*TASK PROMPT*
Excluding all pictures, please output the listing exactly.

*DATA*
☆ ☆ ☆ ☆

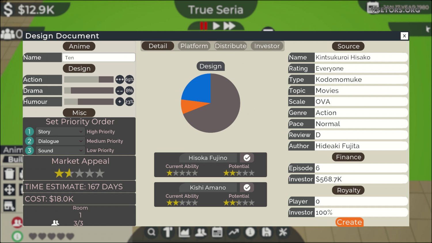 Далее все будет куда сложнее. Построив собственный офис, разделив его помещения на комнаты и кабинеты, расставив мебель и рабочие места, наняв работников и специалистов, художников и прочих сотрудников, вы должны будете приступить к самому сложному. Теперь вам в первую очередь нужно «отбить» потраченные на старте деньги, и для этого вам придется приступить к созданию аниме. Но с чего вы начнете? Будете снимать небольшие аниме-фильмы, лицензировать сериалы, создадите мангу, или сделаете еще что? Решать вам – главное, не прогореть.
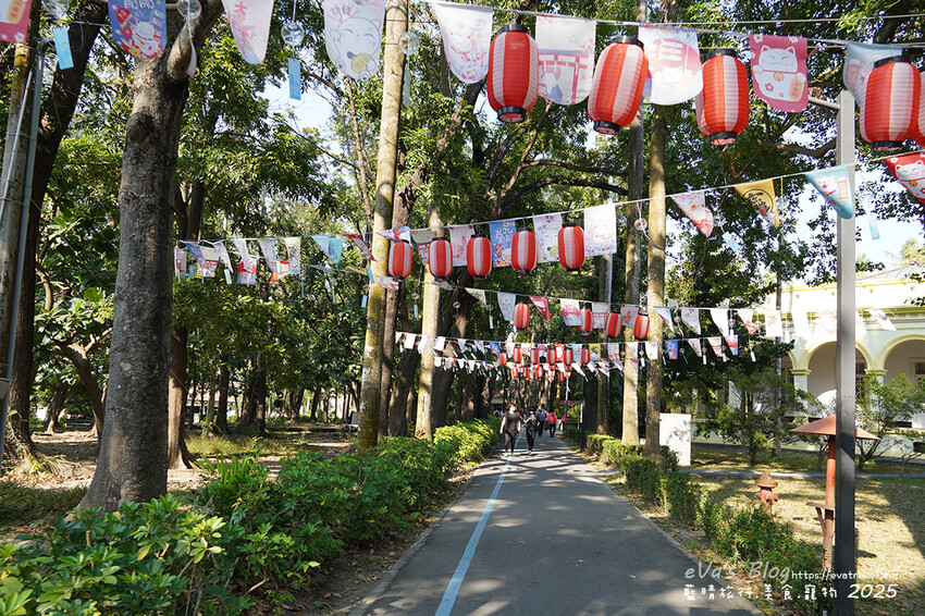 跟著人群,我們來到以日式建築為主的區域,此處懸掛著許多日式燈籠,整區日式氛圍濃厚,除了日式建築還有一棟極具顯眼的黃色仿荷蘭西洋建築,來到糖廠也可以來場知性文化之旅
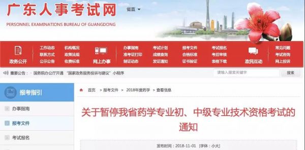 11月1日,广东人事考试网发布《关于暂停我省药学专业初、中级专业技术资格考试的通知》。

☆ ☆ ☆ ☆

*YOUR SOLUTION*
 Далее все будет куда сложнее. Построив собственный офис, разделив его помещения на комнаты и кабинеты, расставив мебель и рабочие места, наняв работников и специалистов, художников и прочих сотрудников, вы должны будете приступить к самому сложному. Теперь вам в первую очередь нужно «отбить» потраченные на старте деньги, и для этого вам придется приступить к созданию аниме. Но с чего вы начнете? Будете снимать небольшие аниме-фильмы, лицензировать сериалы, создадите мангу, или сделаете еще что? Решать вам – главное, не прогореть.
 跟著人群,我們來到以日式建築為主的區域,此處懸掛著許多日式燈籠,整區日式氛圍濃厚,除了日式建築還有一棟極具顯眼的黃色仿荷蘭西洋建築,來到糖廠也可以來場知性文化之旅
 11月1日,广东人事考试网发布《关于暂停我省药学专业初、中级专业技术资格考试的通知》。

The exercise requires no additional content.